- Developer: Cinemaware
- Publisher: Cinemaware
- Designer: Bill Williams
- Platforms: Amiga, Atari ST, Apple IIGS, MS-DOS, Commodore 64
- Release: 1987: Amiga 1988: Atari ST, C64 1989: MS-DOS
- Genre: Action
- Mode: Single-player

= Sinbad and the Throne of the Falcon =

1987 video game

Sinbad and the Throne of the Falcon is a 1987 action-adventure game developed and published by Cinemaware. Set in an Arabian Nights-esque world, the player assumes the role of Sinbad the Sailor, and is commissioned by The Princess to rid the land of the Dark Prince. The game was designed and programmed by Bill Williams for the Amiga, who also wrote Mind Walker. Sinbad and the Throne of the Falcon was ported to the Atari ST, Apple IIGS, MS-DOS, and Commodore 64.

Sinbad draws its inspiration from Hollywood, with a large influence from films such as Jason and the Argonauts as well as the seven other Sinbad films made throughout the 1930s and 1940s.

==Gameplay==
Gameplay alternates between an open-ended world map, action sequences, and dialog, where the player engages other characters and further conversations and relationships. Choice of dialogue alters the future of the game.

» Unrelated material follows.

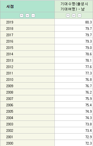 아래 표는 2000년부터 2019년까지의 대한민국 남성의 평균 수명을 조회한 것이며, 직접 위 경로를 통해 들어가시면 1970년부터의 자료를 조회하실 수 있습니다.
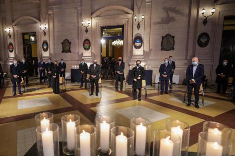 El Presidente encabezó este domingo un acto en memoria a los más de 92 mil fallecidos por Covid-19. Participaron representantes de todos los credos, trabajadores esenciales y gobernadores.

Using the world map, the player can sail to any location, triggering dialogue or an action sequences. In cities, crew members can be hired, while in the deep forests there are shamans and Gypsies to talk with about magic and potions.

===Action sequences===
- Sword fighting - after an on-screen prompt of "Pick Up Thy Joystick!", Sinbad battles with wild animals that have come upon his camp, stone idols that had come to life, other pirates, and the Black Prince himself.
- The Cyclops - occasionally, when in remote areas, a cyclops will raid the camp and steal away some of the player's crew. Using a slingshot, the player has to blind the cyclops while avoiding the rocks thrown at him.
- The Shipwreck - coming across pieces of a broken ship in rough waters, Sinbad must steer his boat through the waves, avoiding rocks and picking up drowning sailors, who will eventually join the crew.
- The Earthquake - Sinbad falls into an opening chasm in the earth, and must escape in this quite typical platform sequence.

==Reception==
Computer Gaming World stated that the Amiga version of Sinbad and the Throne of the Falcon was a "brilliant" tribute to adventure films, but also considered to be uneven as well. It praised the audio and some of the graphics but said that the game's attempt to combine arcade, adventure, and strategy was not completely successful, and concluded that it was "light, entertainment fare, at best".